Первые недели прошли в знакомстве с обычаями и городом Токио. Профессор лично сопровождал гостя во время прогулок, приобщал к основам японской эстетики, знакомил с этическими понятиями, правилами общения японцев.

Так началось его познание Японии.

Однако, как заметил профессор, пора было уже Василию повзрослеть и пойти в школу. И однажды он сообщил ему приятную новость: министерство просвещения разрешило принять его в Токийскую школу слепых, правда, «студентом на особом положении».

Вскоре стало понятно, что означает «на особом положении»: Ерошенко отвели отдельную комнату для занятий, специально пригласили преподавателя массажа, а курс японской литературы читал ему профессор, знавший русский язык. Было ясно и то, что таким исключительным вниманием он обязан авторитету профессора Накамура.

В программу обучения входили четыре предмета — психология, медицина, музыка, японский язык и литература.

В школе слепых Василий подружился с пареньком Тория Токудзиро. С его помощью организовал здесь кружок эсперанто — обучал слепых с голоса, пел песни, а Тория переводил их на родной язык.

В то время японские приверженцы эсперанто собирались в кафе «Мацусита», бывали здесь и иностранцы, в том числе и Ерошенко, постоянный участник застольного веселья, шуток и споров. Часто звучала здесь и его гитара — неизменная спутница скитаний.

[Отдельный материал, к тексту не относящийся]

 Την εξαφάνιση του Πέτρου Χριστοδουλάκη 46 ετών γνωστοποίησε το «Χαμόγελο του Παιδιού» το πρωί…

Еще в Англии он начал приучать себя свободно ориенироваться на улице, совершая самостоятельные прогулки. Городской шум в Лондоне мешал ему определить ширину улицы, размер площади и т. п. И он стал бродить по ночам, тщательно изучая приметы города, его запахи. К той же «методе» он прибег и в Токио. В результате стал ходить по городу «по-зрячему», удивляя тем, как свободно ориентировался в шумном лабиринте токийских улиц. «Он шел, держа палку в правой руке навесу, — вспоминал очевидец его прогулок, — но не ударяя ею о землю. Когда слышал, что едет телега, позволял ей приблизиться и в самый последний момент уступал дорогу… совершенно точно, словно зрячий, сворачивал в переулок».

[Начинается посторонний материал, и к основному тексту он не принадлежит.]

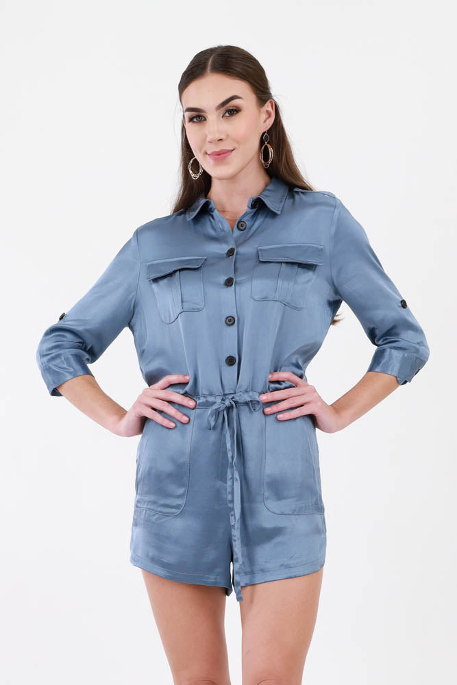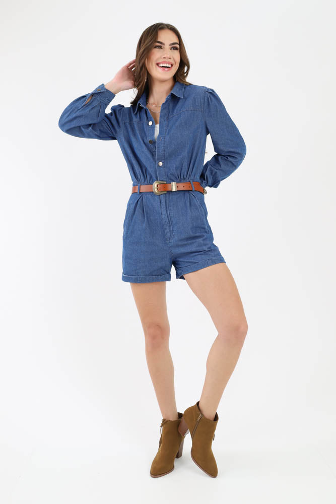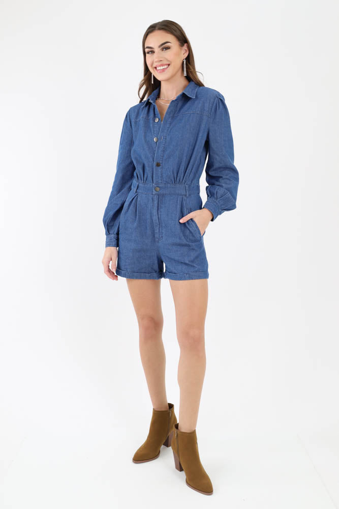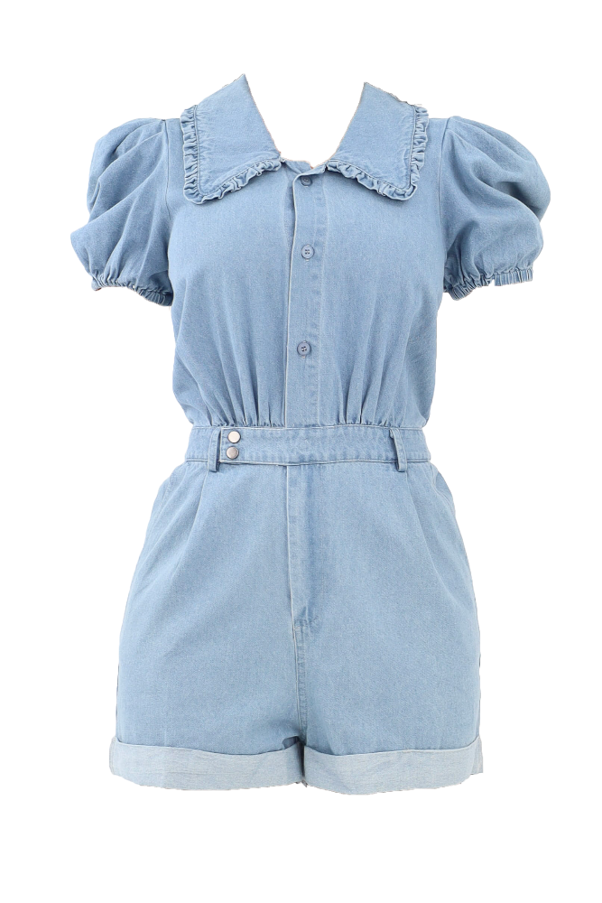 Button Denim Romper - Blue

В Японии Ерошенко стремился расширить круг своих знакомых. Общение с учениками школы его не удовлетворяло, он был на голову выше уже тогда по своим знаниям, а главное, превосходил их по стремлениям.

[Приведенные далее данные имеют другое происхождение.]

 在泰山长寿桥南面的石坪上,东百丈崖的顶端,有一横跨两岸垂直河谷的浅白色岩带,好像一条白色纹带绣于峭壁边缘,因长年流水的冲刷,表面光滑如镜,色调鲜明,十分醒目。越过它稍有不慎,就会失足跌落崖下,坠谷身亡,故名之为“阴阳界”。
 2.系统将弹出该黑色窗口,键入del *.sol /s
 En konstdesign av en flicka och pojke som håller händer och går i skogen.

И тут ему, можно сказать, повезло. Он познакомился с Акита Удзяку, тогда уже известным литератором, автором пьесы «Лес и жертва» — о несправедливом суде над японскими социалистами и казни их лидера, выдающегося революционера Катоку Сюсуй. С этого момента жизнь Василия Ерошенко обрела новый смысл. Японский друг ввел его в общество своих единомышленников, которые к тому же интересовались русским языком и литературой. Кружок энтузиастов собирался в лавке «Накамурая» в районе Синдзюку и пышно именовался «Общество красношапочников» — все его члены носили красные фески. В этом своего рода дискуссионном литературном клубе спорили о политике, об искусстве, о жизни. Душой общества была хозяйка кафе и лавки журналистка Сома Кокко. Для Ерошенко она стала как бы второй матерью, он поселился у нее в доме, обучал ее, как, впрочем и других членов кружка, русскому языку и остался ей благодарен на всю жизнь за заботу и доброту.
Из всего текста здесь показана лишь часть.